Similarities between Sappho and Pindor in those poems are Sappho and
Pindor tends to describe their poems with visual imagery and also in a little
tactile imagery. Meanwhile the differences in imagery between both poems
are that Sappho used kinesthetic imagery, but Pindor doesn’t. But in other
hands, Pindor used so many audio imagery, but Sappho doesn’t.

Figure of Speech
Figure of speech is a word or phrase that is used in a non-literal way to
create an effect. This effect may be rhetorical as in the deliberate
arrangement of words to achieve something poetic.

Similarity
Both poems are using the same figure of speech which is metaphor and
hyperbola. Sappho: “altar of love” (metaphor), “words which I command
are immortal” (hyperbola).
Pindor: “water from the sky, the rainy child of cloud” (metaphor), “song of
a glory upon your olive wealth of gold” (hyperbola).

Difference
Meanwhile in the difference, I can find that Sappho used personification,
but Pindor doesn’t. Sappho: “moon cover their own bright faces”.

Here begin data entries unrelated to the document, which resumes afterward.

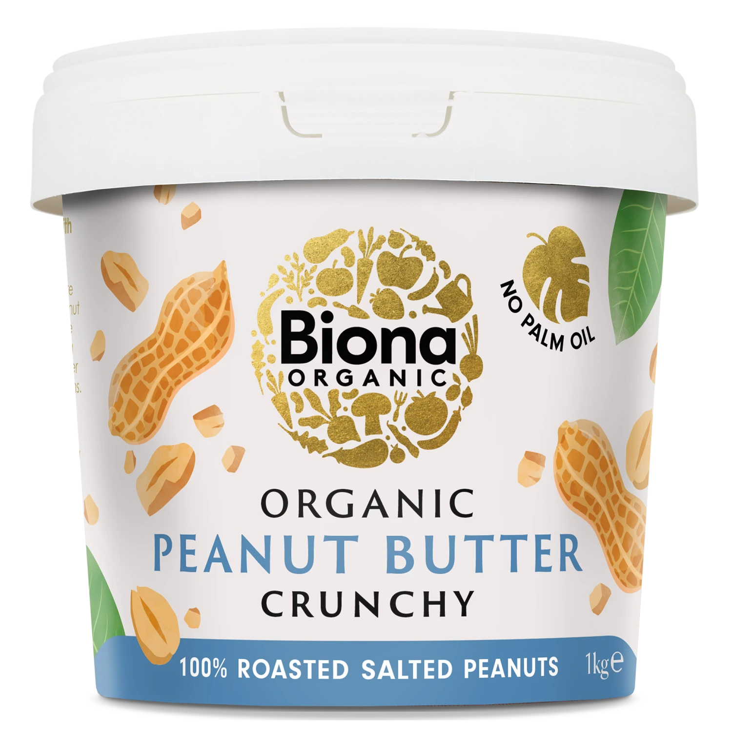 Biona Organic Crunchy Peanut Butter is milled from small batches of freshly roasted certified organic peanuts, a touch of sea salt – and that’s it! No sugar, palm fat or emulsifiers, only the whole nuts which means you receive all their nutritional goodness and creamy taste. Our Crunchy Peanut Butter has a wonderful flavour and is a great source of protein. With a satisfying mix of velvety consistency and chunky pieces of peanut, it is distinctive in texture, wholesome and fulfilling. Not to mention, energy rich! Spread over fresh, hot toast; dollop onto porridge, stir into yoghurt, smoothies or add to cookie dough in baking… Nut butter addicts will agree, there is always a place for peanut butter! Nut oil may be subject to separation- simply stir to restore its natural consistency and enjoy! Biona Peanut Butter is available as both salted and unsalted smooth and crunchy (250g / 500g & 1kg). Love nut butters? Our range includes cashew nut, hazelnut, almond smooth and crunchy, white almond, coconut almond, coconut peanut and mixed nut butters!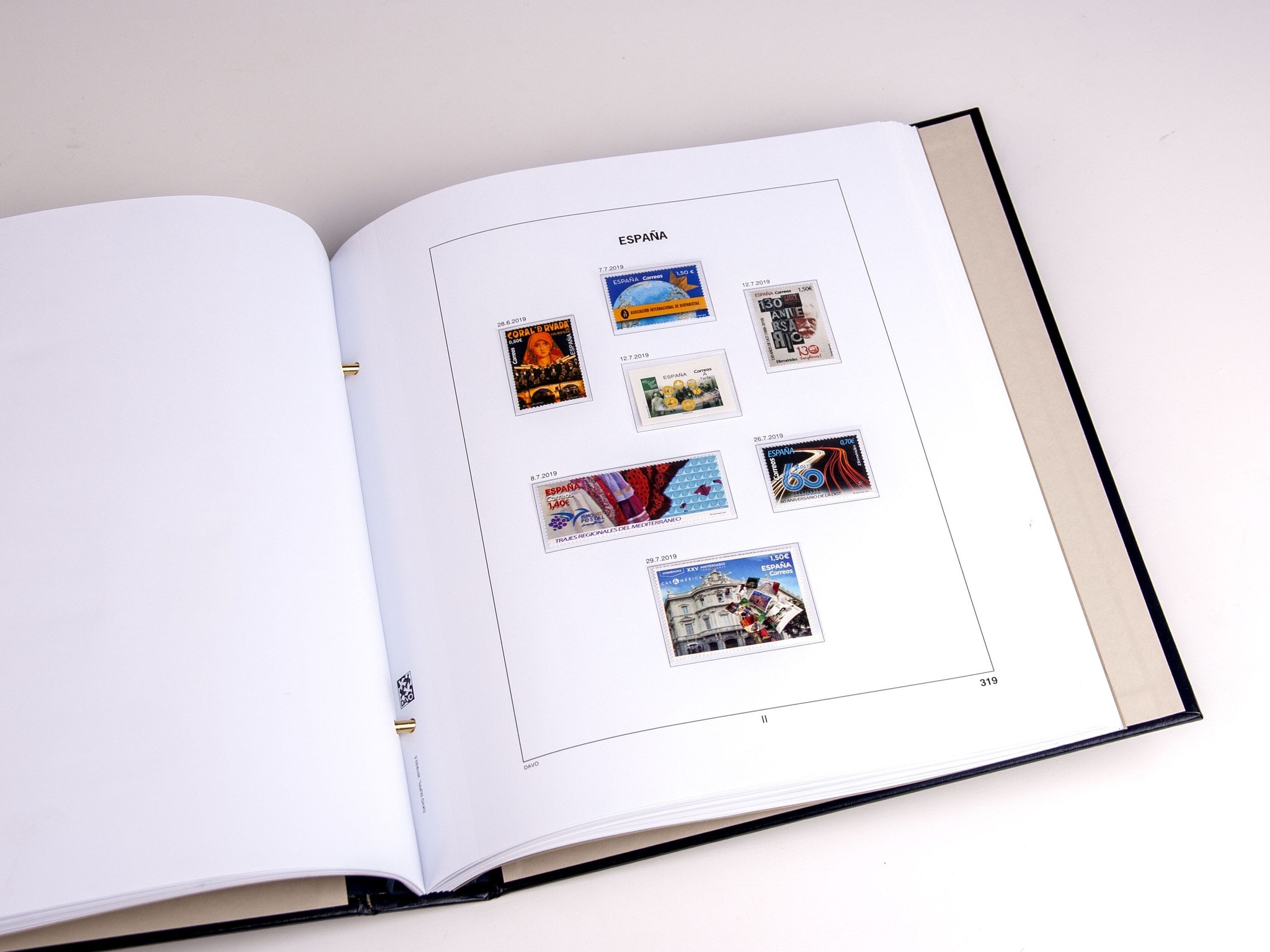 Op alle bladen zijn kaders aangegeven waar u de postzegels kunt onderbrengen, meestal met een afbeelding van de postzegel zelf. Op al deze kaders zijn transparante klemstrookjes aangebracht om uw postzegels veilig in onder te brengen.Het supplement Spanje bevat het jaar 2019.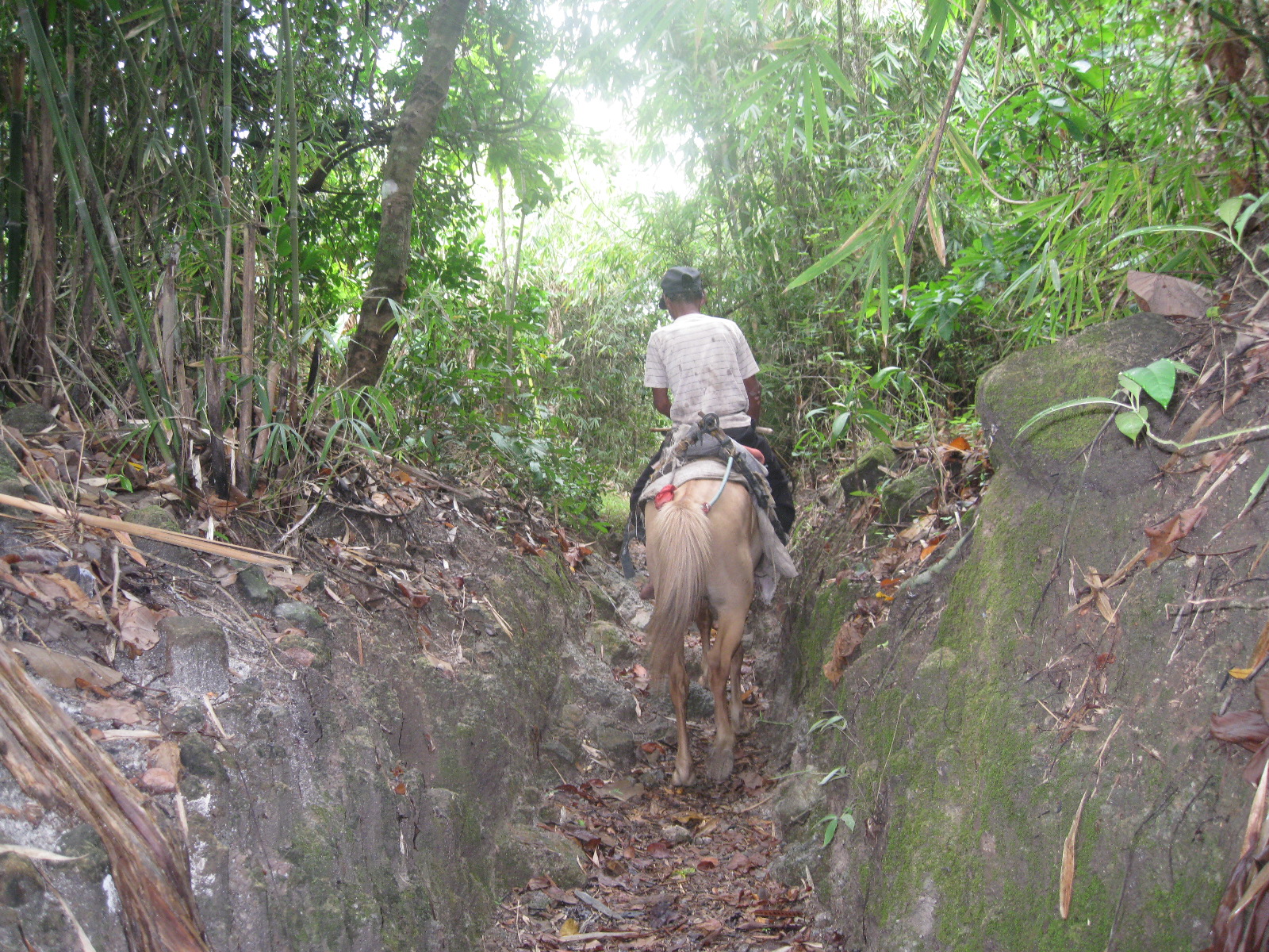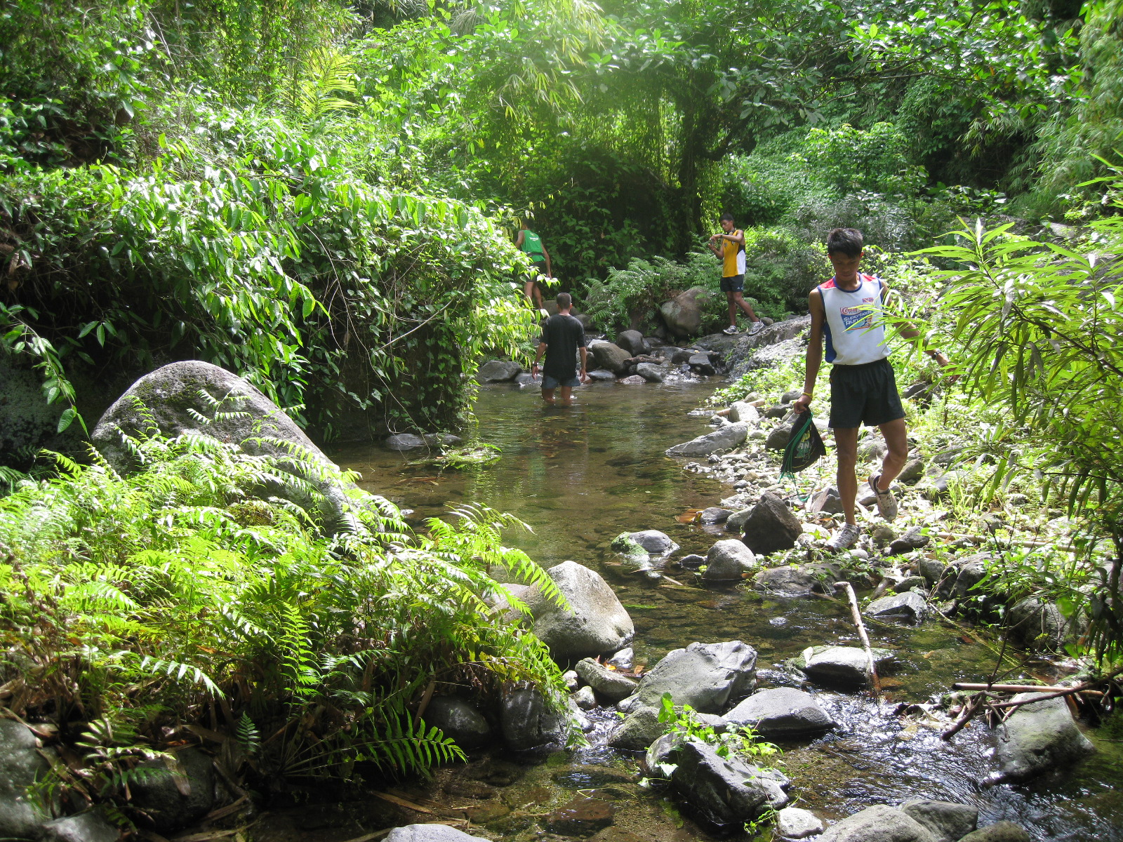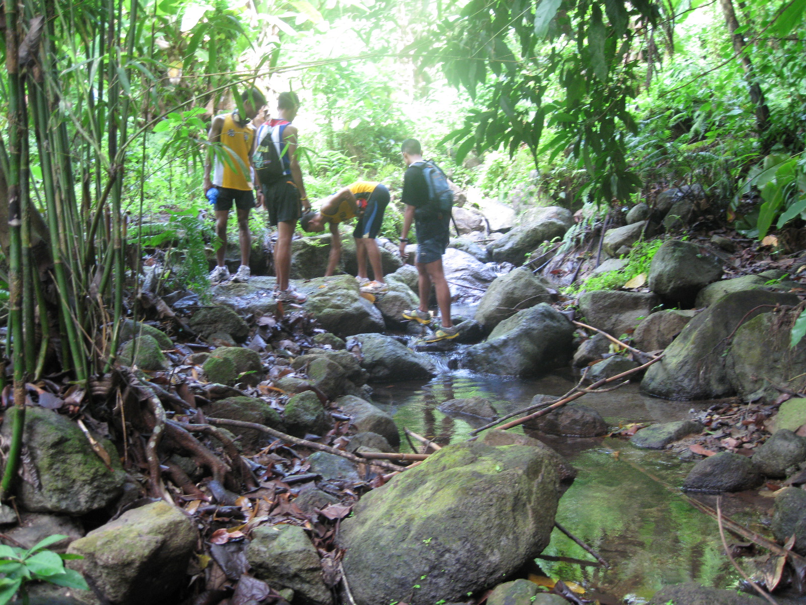 We finally reached our first turn-around point where we cleaned the stream/spring water last week. We briefly stopped to drink some water using our palm and crossed the spring. The picture above is about 500 meters after we passed the turn-around point and the trail started to be steeper until we could not see any trace of the trail. We crossed the same spring for two times before we could continue again running along the trail.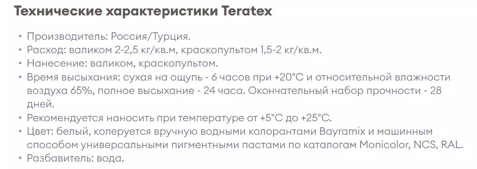 Bayramix Teratex очень проста в нанесении, что делает доступным её использование самостоятельно, без помощи профессиональных штукатуров. Перед нанесением, убедитесь, что поверхность достаточно ровная и чистая. Предварительно подготовьте поверхность, укрепив её проникающим грунтом «Астар Укрывающий» или «Астар Кварцевый», заколерованными в цвет финишного покрытия при необходимости. Добавление пигмента должно быть не более чем 5% от общей массы.
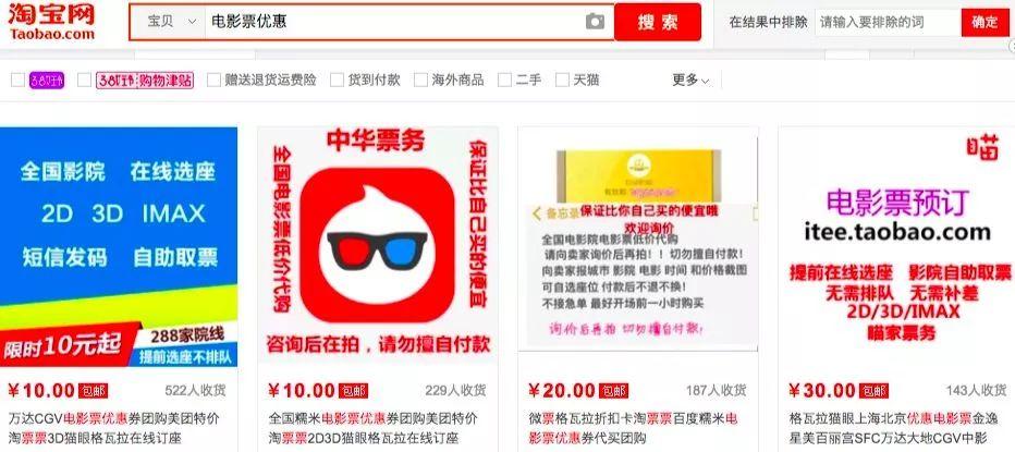 如果平台没啥优惠的话,大家可以在淘宝上搜索“电影票优惠”,像万达、CGV各种全国连锁的影院都可以优惠,把你想买票的时间和地点告诉店家,他可以每张便宜5-10块钱帮你订票,然后把二维码发给你,你直接去电影院取票就可以了。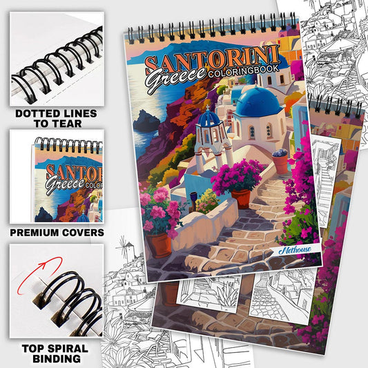 NETHOUSE Santorini Greece Coloring Book For Adults R...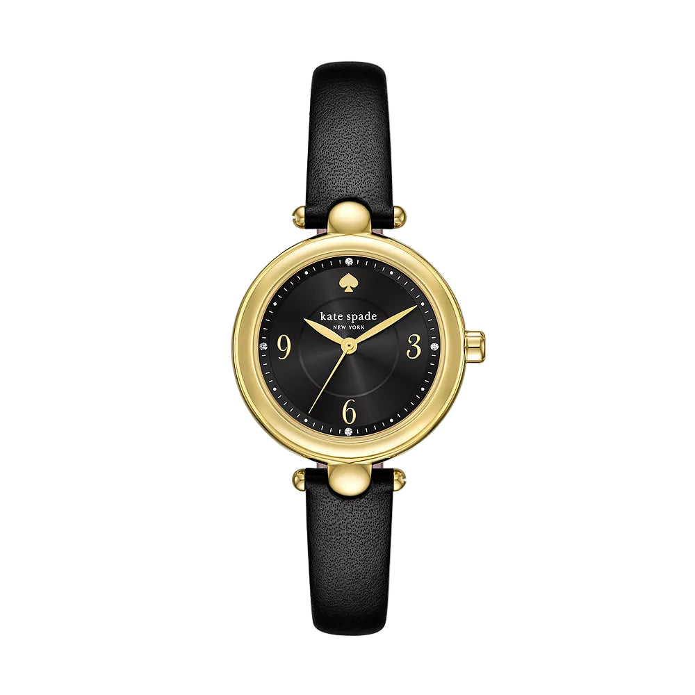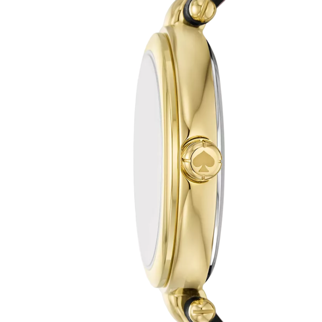 The Kate Spade New York Gracie Black Leather Watch is the perfect accessory for any fashion-forward individual. With a 32 mm stainless steel case and black leather strap, this watch exudes elegance and sophistication. Featuring a reliable quartz three-hand movement and 3 ATM water resistance, it combines style with practicality. Complete your look with the Gracie round dial in sleek black and a single prong strap buckle closure.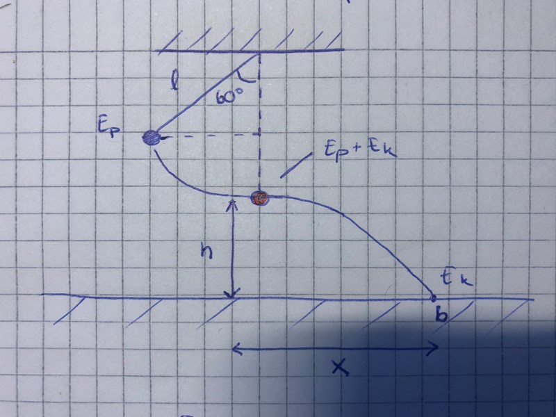 jag försöker lösa denna uppgift: "En pendelkula hänger i en tråd med längden l meter och släpps från utslagsvinkeln 60 grader. När kulan passerar det lägsta läget, vid läget h, brister snöret. Skriv ett algebraiskt uttryck för hur långt bort i horisontell riktning från detta läge kulan träffar golvet."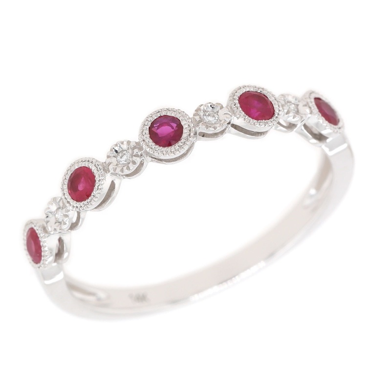 Ruby and diamond stacking band ring set in 14K white gold features round bezel set gemstones mill grain details.Ruby: 0.27 carats total weightDiamonds: 0.01 carats total weight. VS clarity.This ring can be worn alone or stacked with other rings.Ring is a s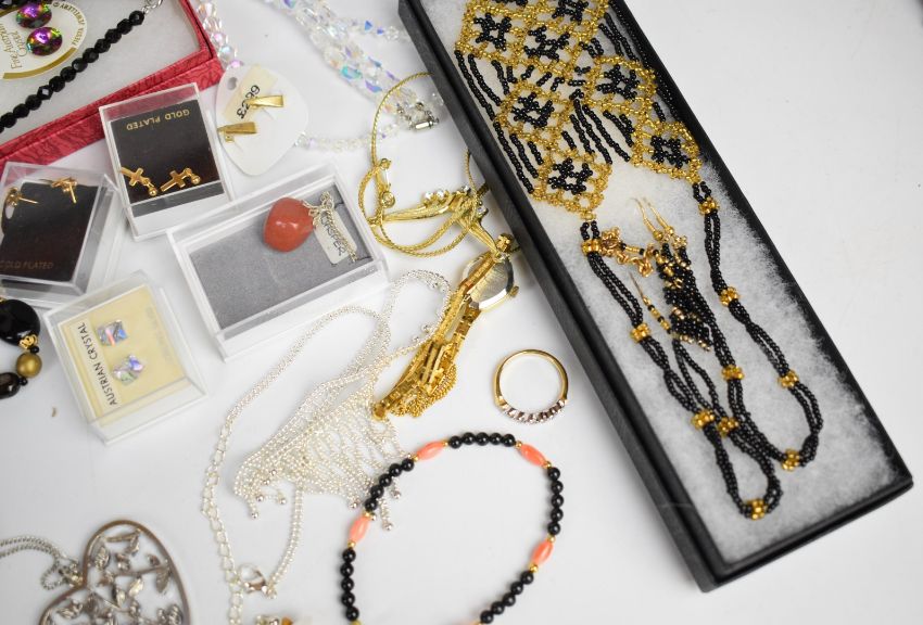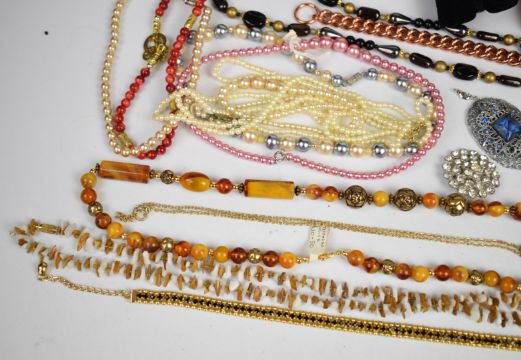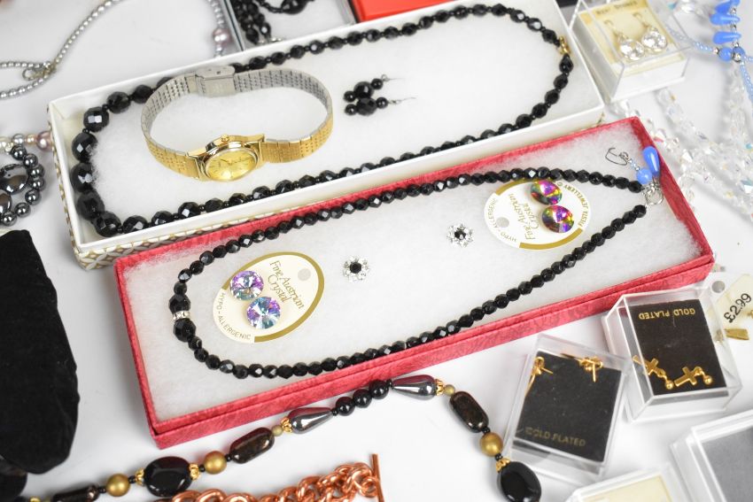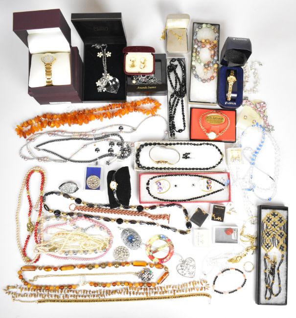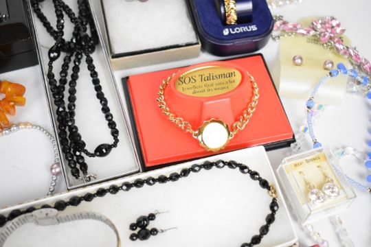 A collection of costume jewellery including beaded and crystal necklaces, Whitby jet and mother of pearl brooch, other vintage brooches including Exquisite, French jet, pearl bracelet, Accurist watch in original box, amber necklace, etc

3. Both poems are giving description about worshipping God and the natural
beauty within. In Sappho there is a line: “which I command are immortal”
means only God can rule that long, no humans have such long time as
immortal. In Pindor also he’s doing the same. There is a line: “by God’s
grace does a man blossom in accordance” means that they wanted God’s
agreement to make all their decision.